**ACTIVITY:** Transcribe each entry below exactly. Pictures do not go in the copy.
::: DATA :::
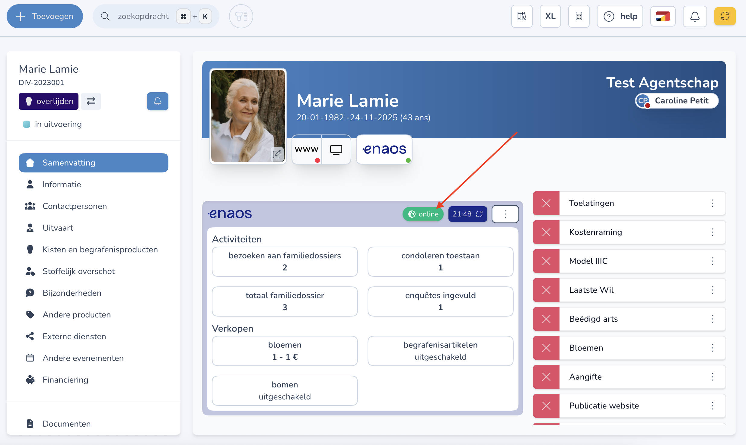 De Enaos-familieruimte kan perfect geactiveerd en gebruikt worden zonder dat het overlijdensbericht online komt.
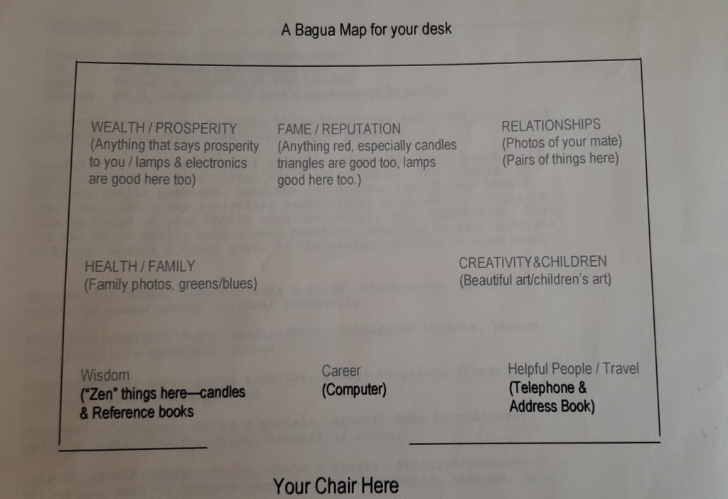 Through Feng Shui you arrange things based on the principles of Bagua. Ba means eight and gua means area. So you place items with different energy or focus in each of the areas. The areas are: Prosperity, Fame & Reputation, Relationships, Health & Family, Foundation, Creativity, Wisdom, Career, and Helpful People. This workshop showed me that you can make things happen by how you set your life and your workspace up.
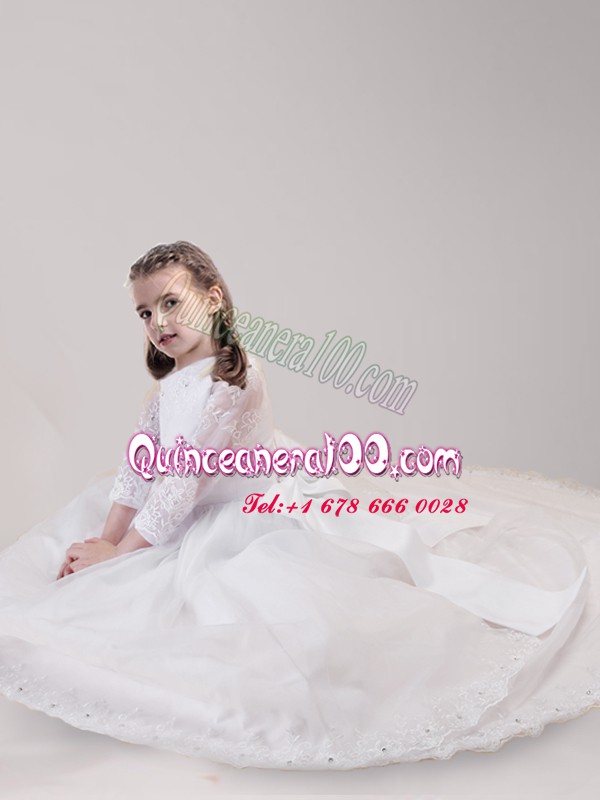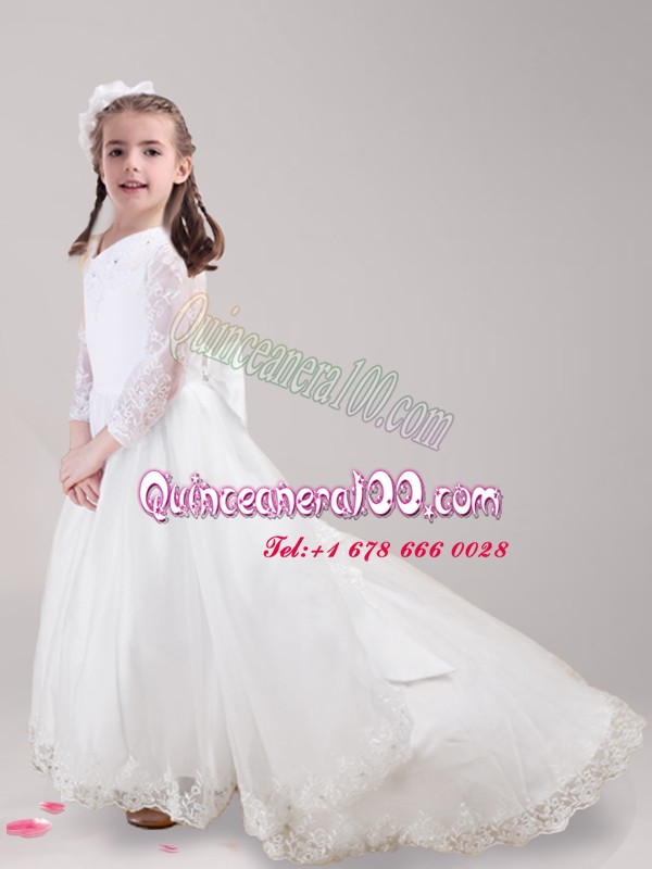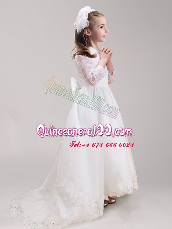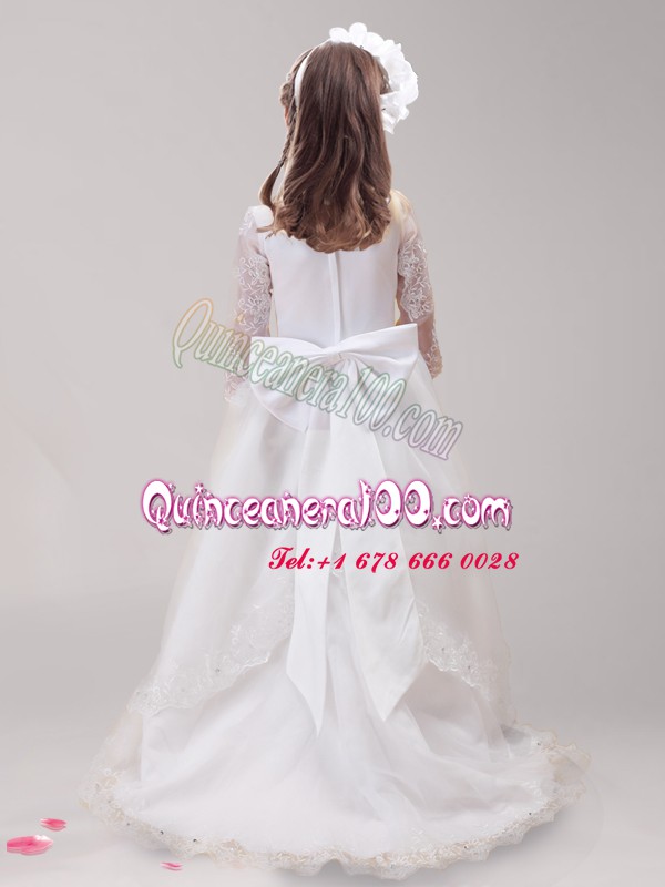 Neckline : ScoopShown Color : WhiteSilhouette : EmpireSleeve Length : long sleevesHemline : with trainBack Detail : ZipperFabric : TulleEmbellishment : Lace,BowknotOccasion : Quinceanera,Wedding PartySeason : Spring,Summer,Fall,Winter
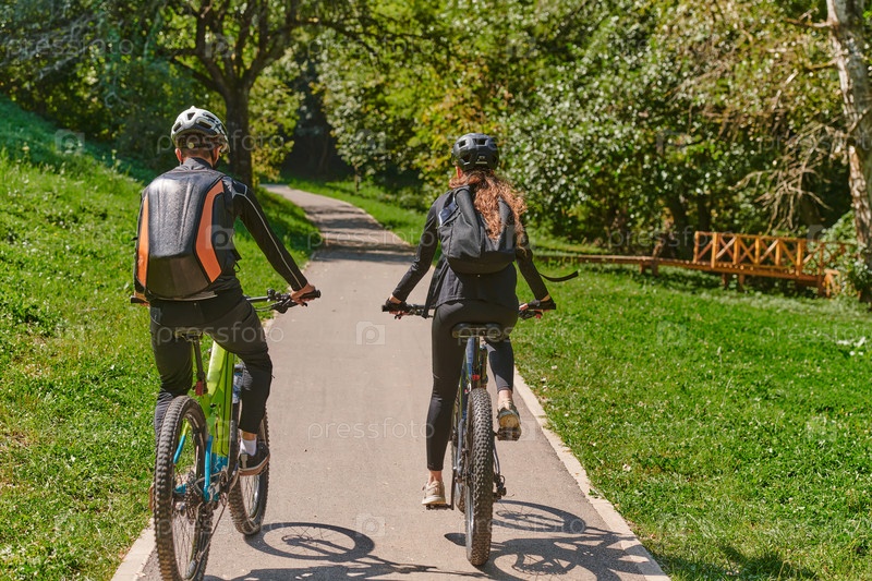 Счастливая пара, одетая в профессиональную велосипедную экипировку, наслаждается романтической велопрогулкой по парку, окруженному современными природными достопримечательностями, излучая любовь и счастье
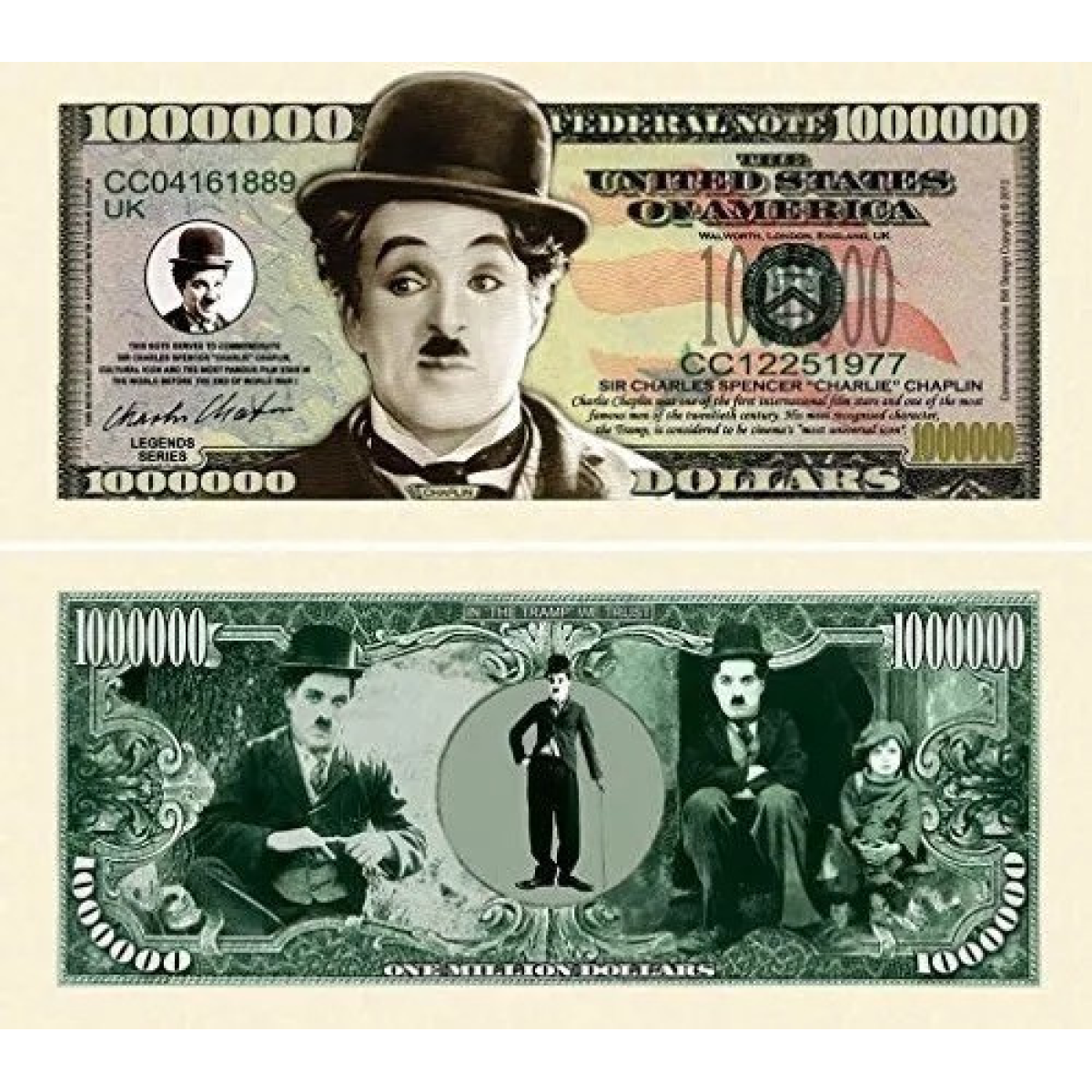 • Сувенірна банкнота 1 мільйон доларів США 1997г “сер Чарльз Спенсер, Чарлі Чаплін,“
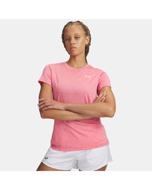 - Tech Twist Damesshirt Met Korte Mouwen Bittersweet Roze Wit
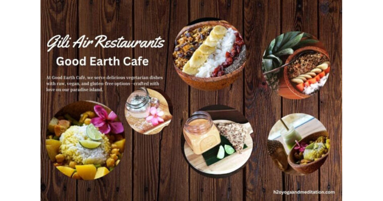 Discover Gili Air Restaurants at H2O Yoga and Meditation Center. Enjoy fresh, flavorful meals and stunning views at Good Earth Cafe.
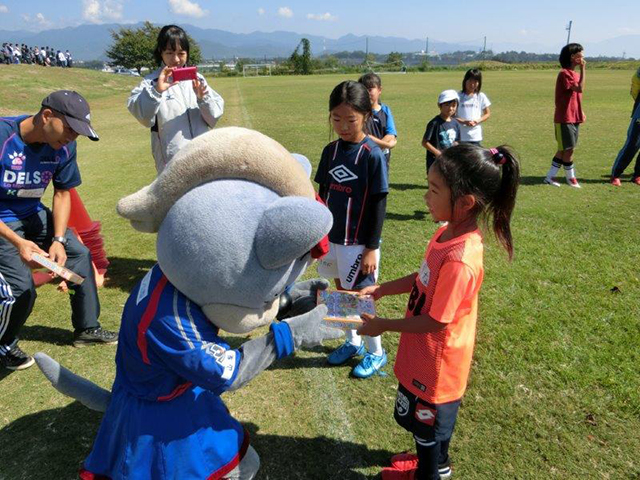 グランドの都合で急に開催日、場所が変わったので参加人数が確保できるか心配でしたが、フォーレちゃんや女子委員会所属の中学生。社会人のチームの参加も得られ、「フォーレちゃんと遊ぼう」、「親子でボール遊び」「ミニゲーム」の内容で盛り上がりました。フォーレちゃんとの『じゃんけんゲーム』では、足及び体全体で表現する方法を取り入れて体を動かしたり、『ウルトラマン』になろうでは「ウ~シュワッチ」の掛け声で3つのポーズから自分で選択して表現するなど、遊びの中で体全体を使うこと、予測して行動に移すなどウォーミングアップにつながる内容にしました。ボールの奪い合い、距離別コーン当て、ボール集めのゲームなど親子で、又はお姉さん達と楽しむことが出来ました。ゲームではお父さん、お母さんを応援して自ら頑張ること、また声援をすることの大切さを学ぶ機会にもなりました。
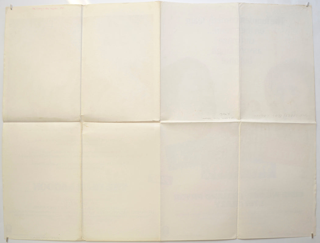Approximately four tiny tears and mild creasing on the top edge, small tear and very mild creasing on the right edge, extremely mild creasing on the bottom edge, approximately four tiny tears and very mild creasing on the left edge, 2 cm thin greyish mark near the bottom left corner (possibly linked liquid splash or print error?), Additional creasing around the left and right vertical fold lines due to being folded out of alignment and refolded (some dark print has transferred onto some of the creasing around the top half of the left vertical fold line), a few tiny dark print spots near both top corners, 5 cm diagonal crease and a smaller crease across the top left corner, light creasing around and between a couple of fold intersections, a few light surface wrinkles above the center horizontal fold line, title written on the back of the top edge in red Biro (only noticeable on the front if the poster is held up to the light / backlit), otherwise very good.
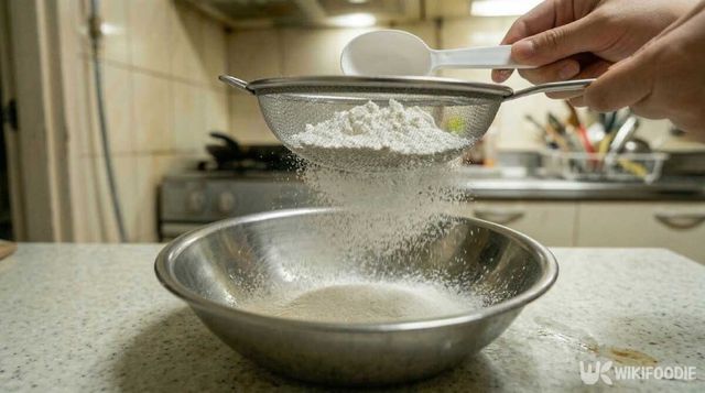 (4) 찹쌀가루와 타피오카 전분을 넣고 섞은 뒤 체에 걸른다.
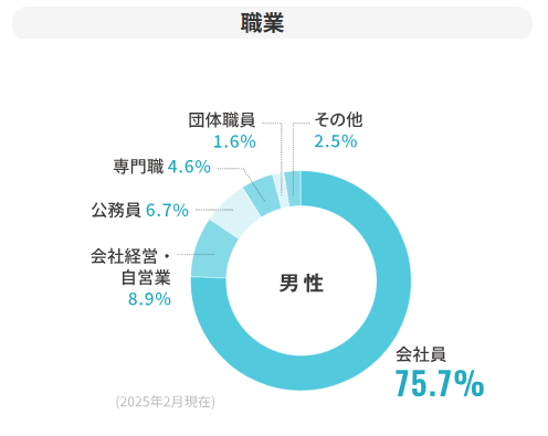 A:ご紹介可能人数約65000人(2025年2月現在・提携を含む合算数)結婚を真剣に考え、独身証明書など各種必要書類を提出された方だから安心
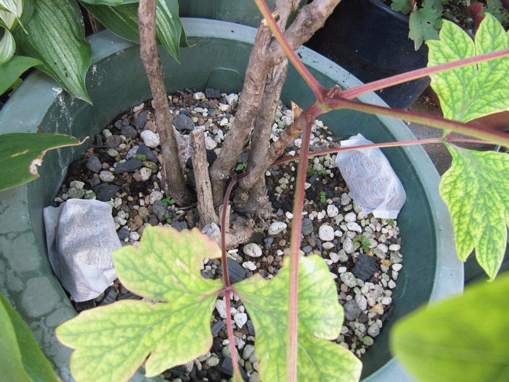肥料についてはこれで終わりなのですが5鉢ある牡丹のうち
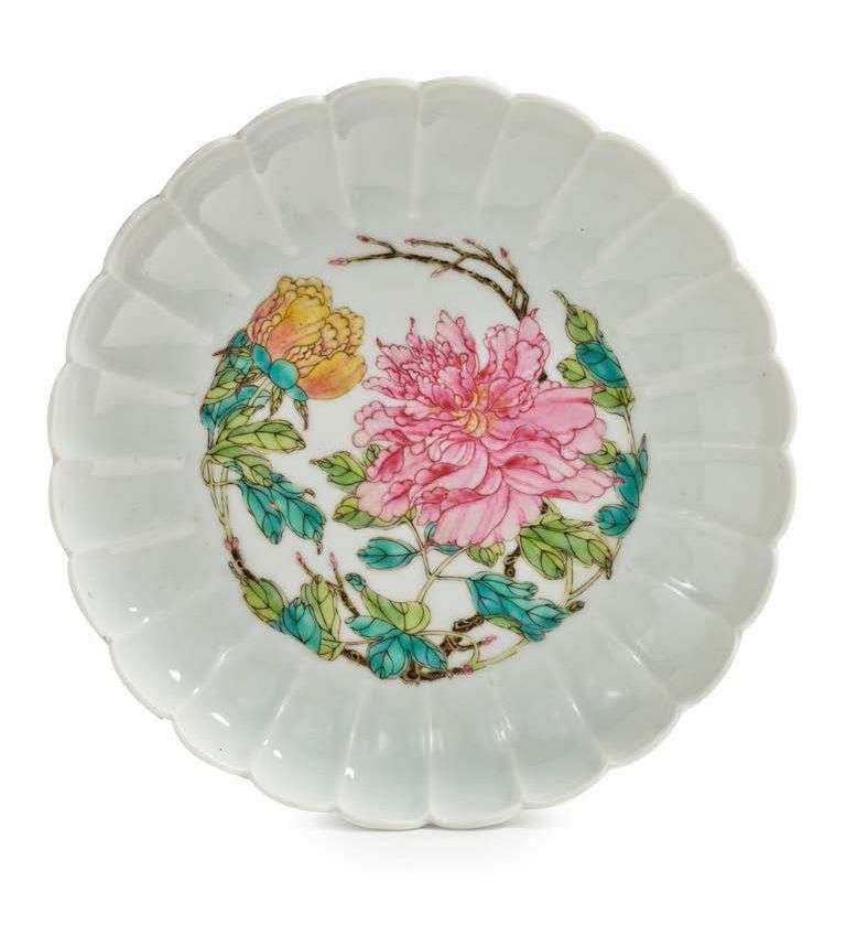 Petit plat rond à bord lobé en porcelaine et émaux polychromes de la famille rose, à décor de pivoines en médaillon. Marque apocryphe Yongzheng sur la base. Diam. 16,2 cm (Légères usures)
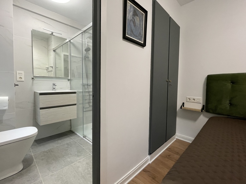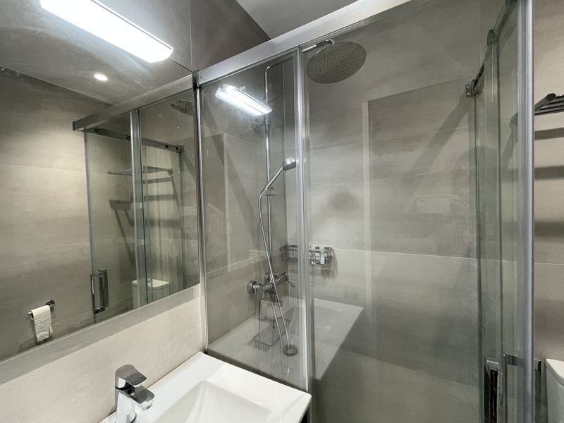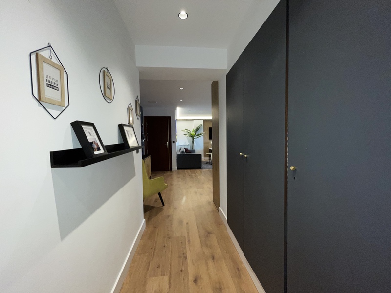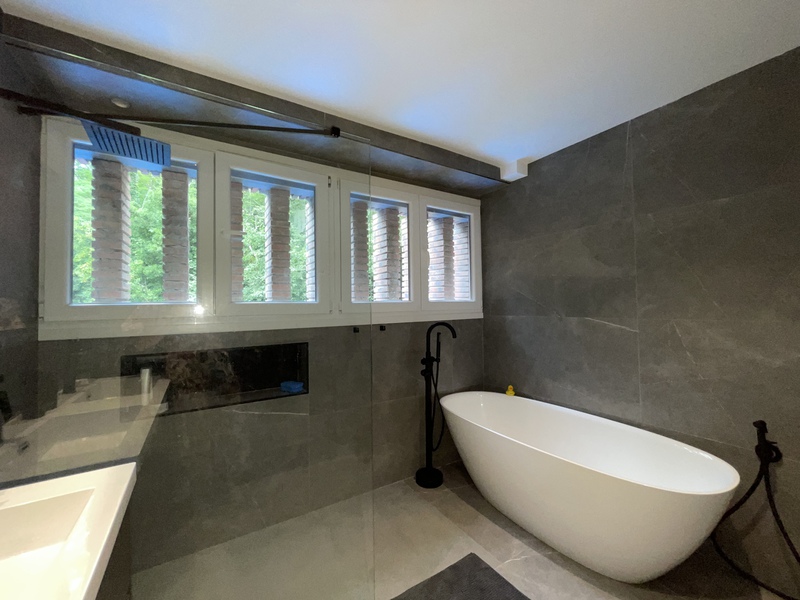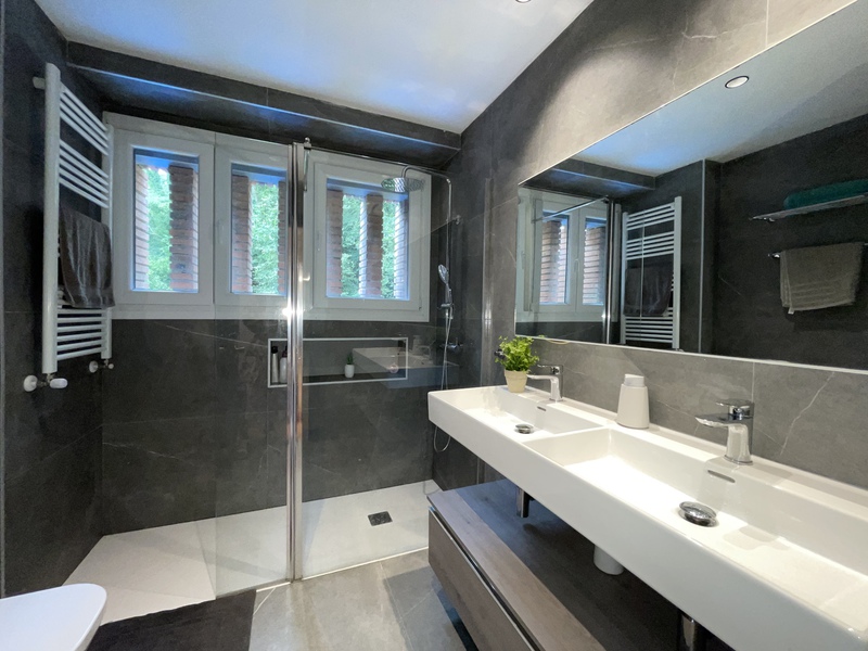 Continuando avanzamos a la zona de noche, donde nos encontramos con tres dormitorios dobles y exteriores, siendo uno de ellos con baño en suite, el cual esta equipado. con ducha extragrande y bañera de diseño, grandes ventanas en el baño, doble lavabo. Dispone de un segundo baño también con ducha y doble lavabo para dar servicio a las otras dos habitaciones, todas con armarios empotrados.
:::
**RESPONSE AREA:**
 De Enaos-familieruimte kan perfect geactiveerd en gebruikt worden zonder dat het overlijdensbericht online komt.
 Through Feng Shui you arrange things based on the principles of Bagua. Ba means eight and gua means area. So you place items with different energy or focus in each of the areas. The areas are: Prosperity, Fame & Reputation, Relationships, Health & Family, Foundation, Creativity, Wisdom, Career, and Helpful People. This workshop showed me that you can make things happen by how you set your life and your workspace up.
 Neckline : ScoopShown Color : WhiteSilhouette : EmpireSleeve Length : long sleevesHemline : with trainBack Detail : ZipperFabric : TulleEmbellishment : Lace,BowknotOccasion : Quinceanera,Wedding PartySeason : Spring,Summer,Fall,Winter
 Счастливая пара, одетая в профессиональную велосипедную экипировку, наслаждается романтической велопрогулкой по парку, окруженному современными природными достопримечательностями, излучая любовь и счастье
 • Сувенірна банкнота 1 мільйон доларів США 1997г “сер Чарльз Спенсер, Чарлі Чаплін,“
 - Tech Twist Damesshirt Met Korte Mouwen Bittersweet Roze Wit
 Discover Gili Air Restaurants at H2O Yoga and Meditation Center. Enjoy fresh, flavorful meals and stunning views at Good Earth Cafe.
 グランドの都合で急に開催日、場所が変わったので参加人数が確保できるか心配でしたが、フォーレちゃんや女子委員会所属の中学生。社会人のチームの参加も得られ、「フォーレちゃんと遊ぼう」、「親子でボール遊び」「ミニゲーム」の内容で盛り上がりました。フォーレちゃんとの『じゃんけんゲーム』では、足及び体全体で表現する方法を取り入れて体を動かしたり、『ウルトラマン』になろうでは「ウ~シュワッチ」の掛け声で3つのポーズから自分で選択して表現するなど、遊びの中で体全体を使うこと、予測して行動に移すなどウォーミングアップにつながる内容にしました。ボールの奪い合い、距離別コーン当て、ボール集めのゲームなど親子で、又はお姉さん達と楽しむことが出来ました。ゲームではお父さん、お母さんを応援して自ら頑張ること、また声援をすることの大切さを学ぶ機会にもなりました。
Approximately four tiny tears and mild creasing on the top edge, small tear and very mild creasing on the right edge, extremely mild creasing on the bottom edge, approximately four tiny tears and very mild creasing on the left edge, 2 cm thin greyish mark near the bottom left corner (possibly linked liquid splash or print error?), Additional creasing around the left and right vertical fold lines due to being folded out of alignment and refolded (some dark print has transferred onto some of the creasing around the top half of the left vertical fold line), a few tiny dark print spots near both top corners, 5 cm diagonal crease and a smaller crease across the top left corner, light creasing around and between a couple of fold intersections, a few light surface wrinkles above the center horizontal fold line, title written on the back of the top edge in red Biro (only noticeable on the front if the poster is held up to the light / backlit), otherwise very good.
 (4) 찹쌀가루와 타피오카 전분을 넣고 섞은 뒤 체에 걸른다.
 A:ご紹介可能人数約65000人(2025年2月現在・提携を含む合算数)結婚を真剣に考え、独身証明書など各種必要書類を提出された方だから安心
肥料についてはこれで終わりなのですが5鉢ある牡丹のうち
 Petit plat rond à bord lobé en porcelaine et émaux polychromes de la famille rose, à décor de pivoines en médaillon. Marque apocryphe Yongzheng sur la base. Diam. 16,2 cm (Légères usures)
 Continuando avanzamos a la zona de noche, donde nos encontramos con tres dormitorios dobles y exteriores, siendo uno de ellos con baño en suite, el cual esta equipado. con ducha extragrande y bañera de diseño, grandes ventanas en el baño, doble lavabo. Dispone de un segundo baño también con ducha y doble lavabo para dar servicio a las otras dos habitaciones, todas con armarios empotrados.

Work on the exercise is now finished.